Work request => Pictures in the data should be dropped; transcribe exactly the lines from the one that has "процедуру ещё раз." through the one that has "<B>1932 $10 MS65".

Exercise input =>
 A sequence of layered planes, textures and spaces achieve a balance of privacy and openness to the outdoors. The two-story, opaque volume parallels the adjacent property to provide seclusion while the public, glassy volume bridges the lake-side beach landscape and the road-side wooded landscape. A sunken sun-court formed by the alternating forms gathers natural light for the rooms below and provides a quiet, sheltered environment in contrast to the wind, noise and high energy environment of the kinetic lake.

--

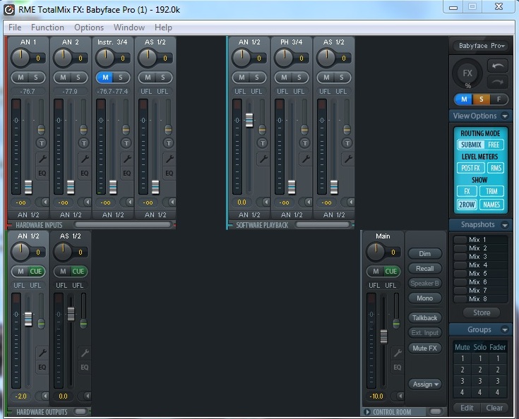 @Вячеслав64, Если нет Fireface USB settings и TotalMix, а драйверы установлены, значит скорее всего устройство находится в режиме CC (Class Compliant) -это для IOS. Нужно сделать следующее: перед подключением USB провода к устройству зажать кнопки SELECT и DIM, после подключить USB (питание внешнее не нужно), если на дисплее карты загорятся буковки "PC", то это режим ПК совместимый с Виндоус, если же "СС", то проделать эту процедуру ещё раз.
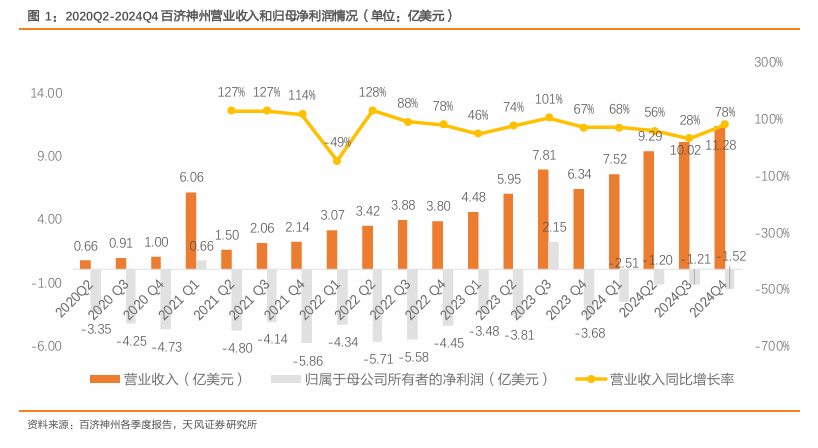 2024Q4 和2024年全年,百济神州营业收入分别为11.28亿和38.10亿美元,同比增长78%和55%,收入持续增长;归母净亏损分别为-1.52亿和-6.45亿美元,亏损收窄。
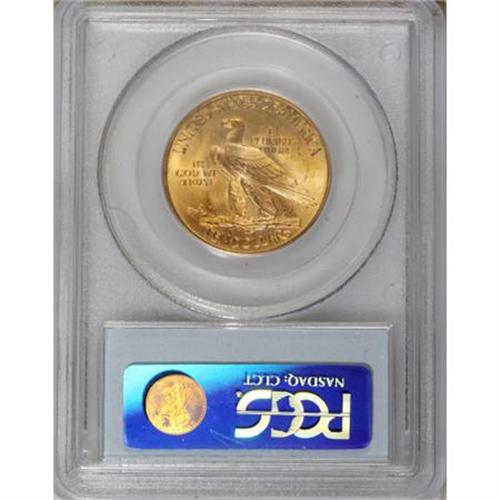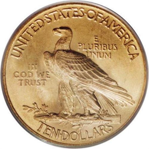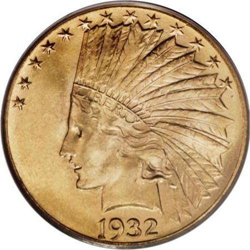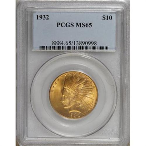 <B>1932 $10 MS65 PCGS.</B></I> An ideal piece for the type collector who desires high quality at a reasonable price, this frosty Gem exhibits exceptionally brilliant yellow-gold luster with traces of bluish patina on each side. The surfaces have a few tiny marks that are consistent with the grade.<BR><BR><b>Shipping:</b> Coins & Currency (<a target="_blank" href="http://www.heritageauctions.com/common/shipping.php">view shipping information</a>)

Your solution =>
 @Вячеслав64, Если нет Fireface USB settings и TotalMix, а драйверы установлены, значит скорее всего устройство находится в режиме CC (Class Compliant) -это для IOS. Нужно сделать следующее: перед подключением USB провода к устройству зажать кнопки SELECT и DIM, после подключить USB (питание внешнее не нужно), если на дисплее карты загорятся буковки "PC", то это режим ПК совместимый с Виндоус, если же "СС", то проделать эту процедуру ещё раз.
 2024Q4 和2024年全年,百济神州营业收入分别为11.28亿和38.10亿美元,同比增长78%和55%,收入持续增长;归母净亏损分别为-1.52亿和-6.45亿美元,亏损收窄。
 <B>1932 $10 MS65 PCGS.</B></I> An ideal piece for the type collector who desires high quality at a reasonable price, this frosty Gem exhibits exceptionally brilliant yellow-gold luster with traces of bluish patina on each side. The surfaces have a few tiny marks that are consistent with the grade.<BR><BR><b>Shipping:</b> Coins & Currency (<a target="_blank" href="http://www.heritageauctions.com/common/shipping.php">view shipping information</a>)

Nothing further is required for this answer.